## Data records

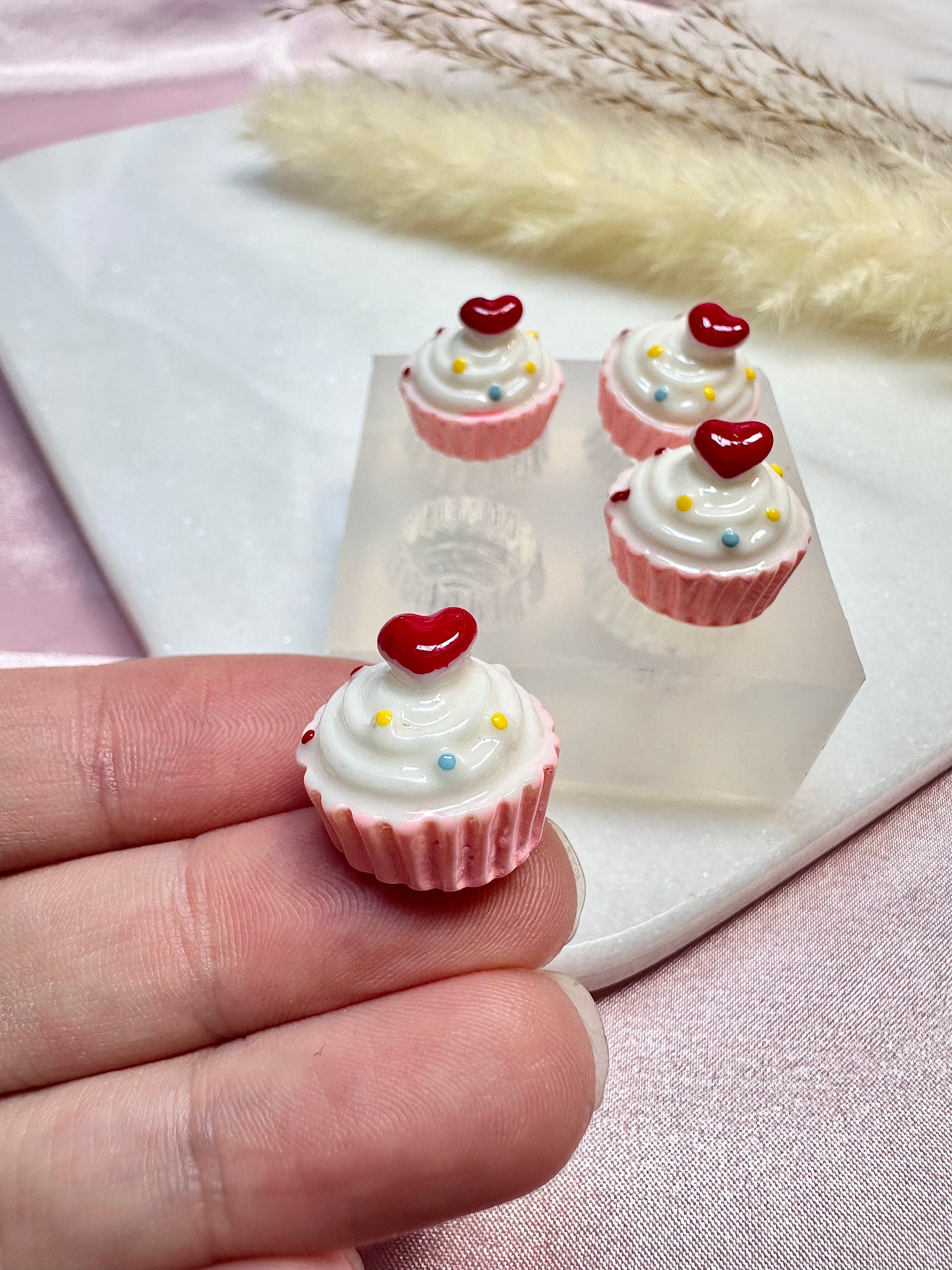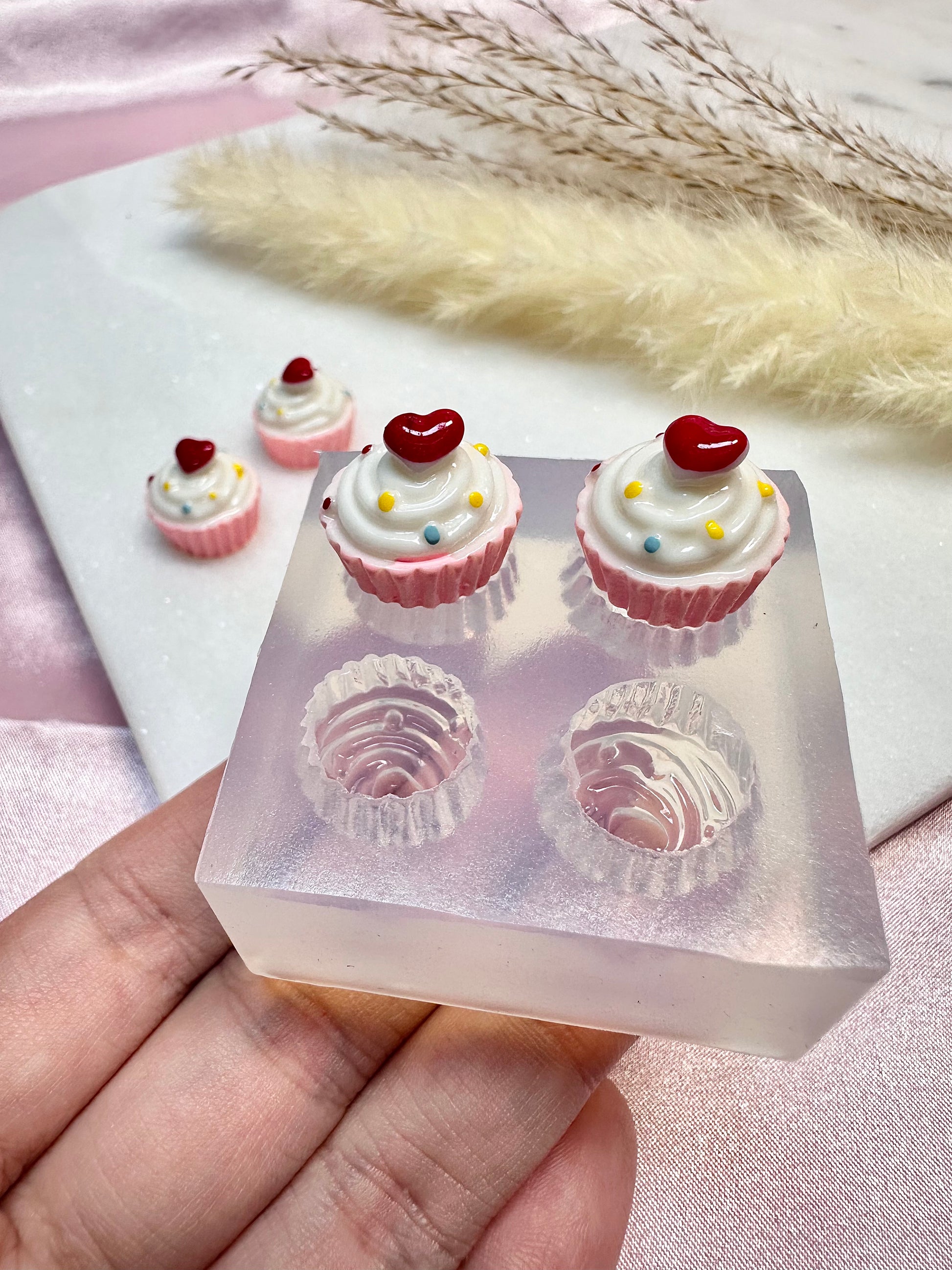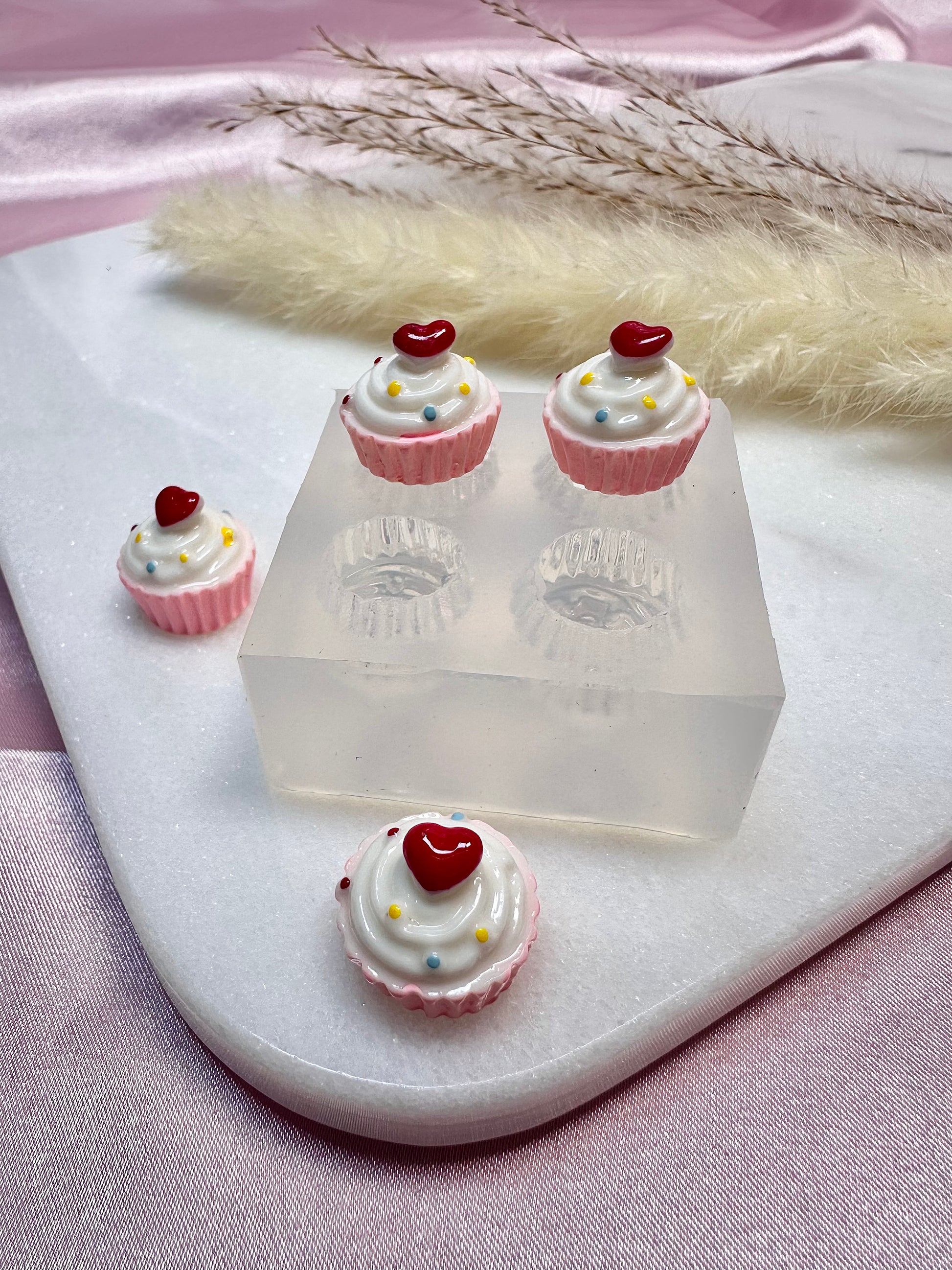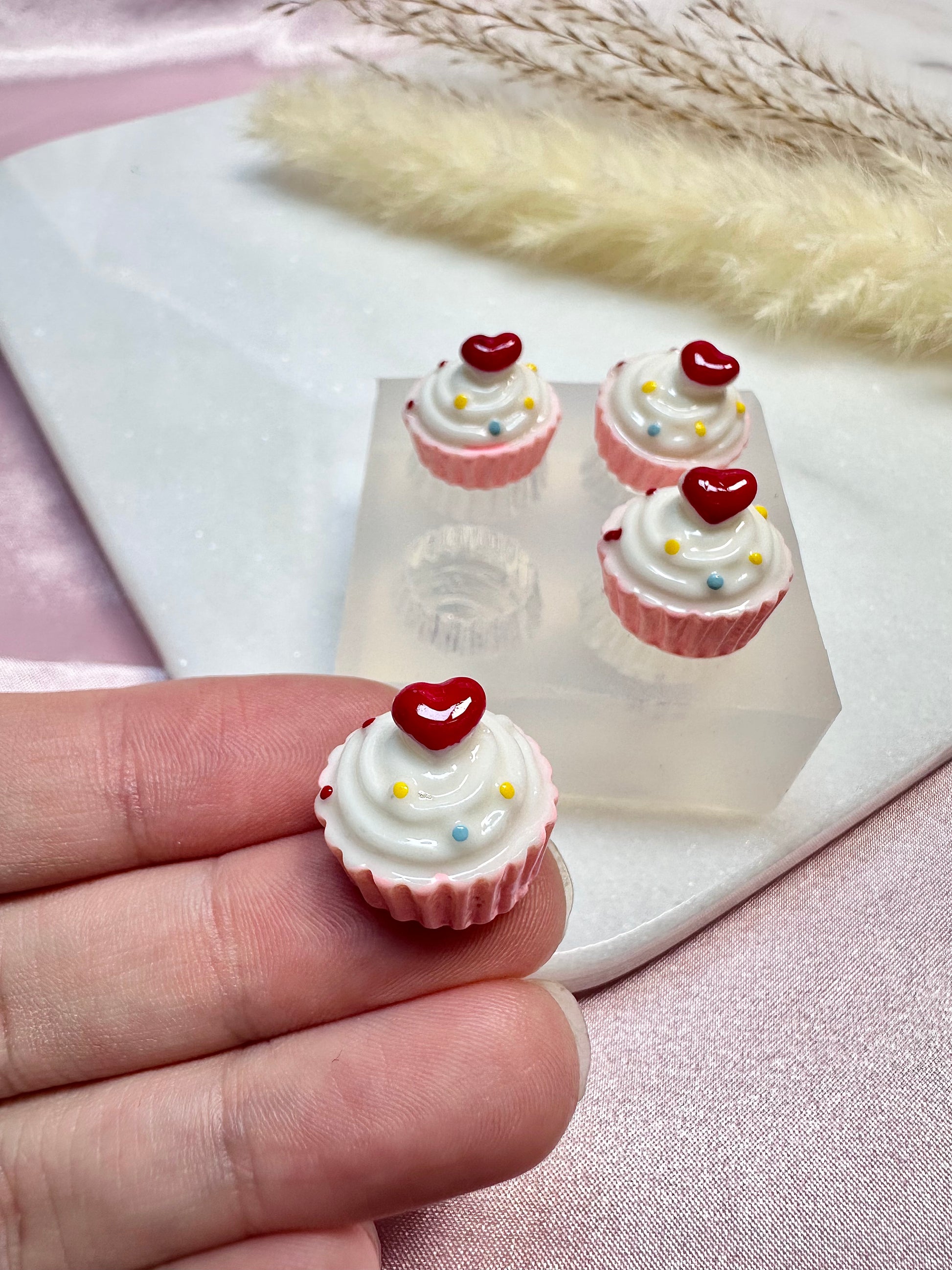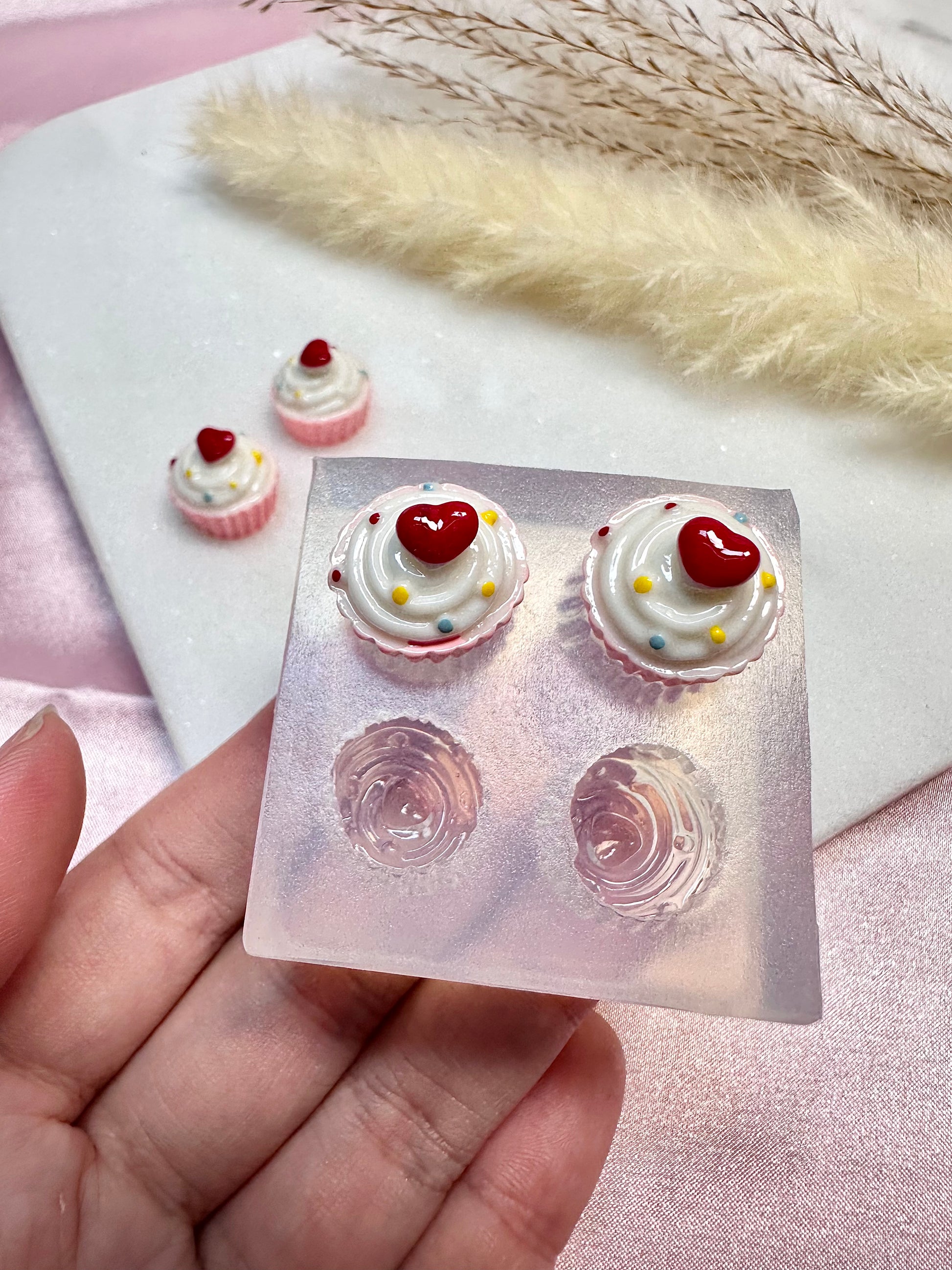Clear Silicone Mold for Polymer Clay Resin mini Heart Cupcake Muffin Earring Mold
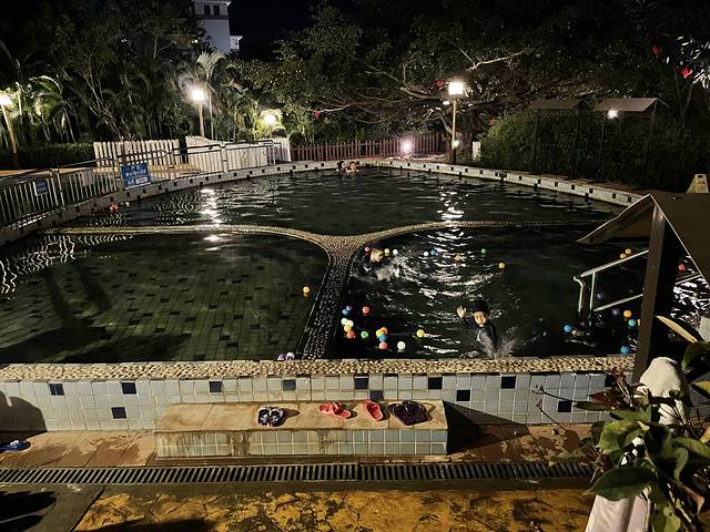 看完碉楼,要找地方住了,就去了新会泡温泉,住在景区里面的酒店,喜乐酒店,439元包含住宿和两张成人温泉票和鱼疗,还有免费自助早餐,住酒店免停车费。温泉谷内小孩1.2米以下不用买票,里面真的挺大的,据说有六十多个池,第一次泡温泉感觉挺好玩。
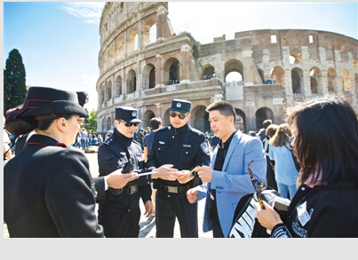 5月2日,中意首次联合警务巡逻在意大利罗马启动。即日起,4名中方警员将与意方警员在罗马和米兰两个城市开展为期两周的联合巡逻。期间,中方警员将协助意方警员处理与旅意中国游客安全有关的问题,保护海外中国游客利益,为游客与意警方沟通提供便利。这是中国警方首次与外国警方开展此类合作。
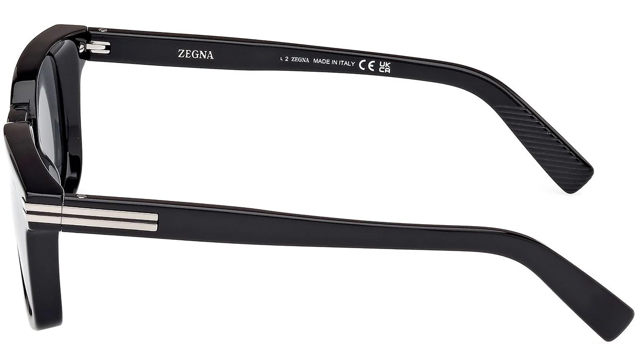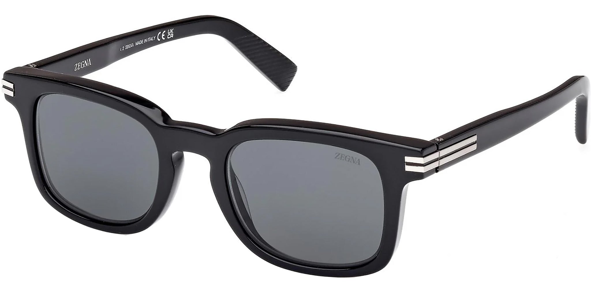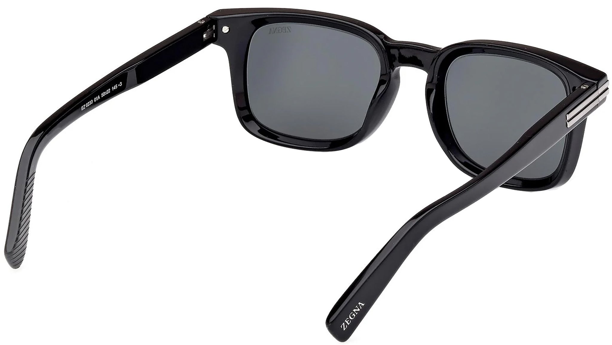 Occhiali da sole Zegna uomo modello EZ0230 con montatura nero lucido full-rim in acetato e lenti color grigio fumo. Codice Brand: EZ0230. Codice colore: 01A. Rivenditore autorizzato Ermenegildo Zegna online. Gli occhiali vengono consegnati con custodia e accessori originali e sono coperti da garanzia standard di 12 mesi del produttore.
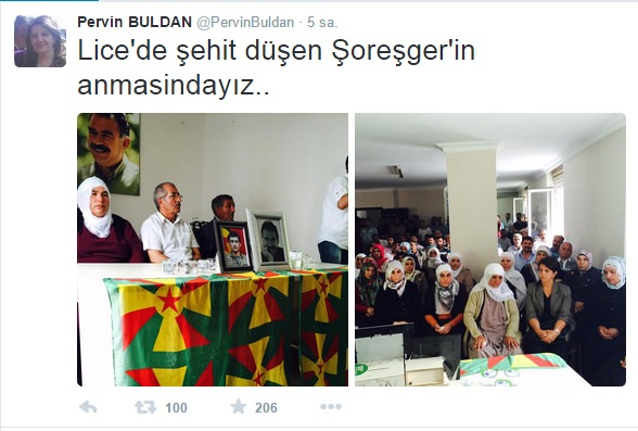 Ailesine başsağlığı dileyen Pervin Buldan, Twitter hesabından 'Lice'de şehit düşen Şoreşger'in anmasındayız' ifadeleriyle ziyaretini takipçileriyle paylaştı.

## Assigned task
Pictures don't belong in the copy. Restate all the entries exactly.

## Answer for this exercise
Clear Silicone Mold for Polymer Clay Resin mini Heart Cupcake Muffin Earring Mold
 看完碉楼,要找地方住了,就去了新会泡温泉,住在景区里面的酒店,喜乐酒店,439元包含住宿和两张成人温泉票和鱼疗,还有免费自助早餐,住酒店免停车费。温泉谷内小孩1.2米以下不用买票,里面真的挺大的,据说有六十多个池,第一次泡温泉感觉挺好玩。
 5月2日,中意首次联合警务巡逻在意大利罗马启动。即日起,4名中方警员将与意方警员在罗马和米兰两个城市开展为期两周的联合巡逻。期间,中方警员将协助意方警员处理与旅意中国游客安全有关的问题,保护海外中国游客利益,为游客与意警方沟通提供便利。这是中国警方首次与外国警方开展此类合作。
 Occhiali da sole Zegna uomo modello EZ0230 con montatura nero lucido full-rim in acetato e lenti color grigio fumo. Codice Brand: EZ0230. Codice colore: 01A. Rivenditore autorizzato Ermenegildo Zegna online. Gli occhiali vengono consegnati con custodia e accessori originali e sono coperti da garanzia standard di 12 mesi del produttore.
 Ailesine başsağlığı dileyen Pervin Buldan, Twitter hesabından 'Lice'de şehit düşen Şoreşger'in anmasındayız' ifadeleriyle ziyaretini takipçileriyle paylaştı.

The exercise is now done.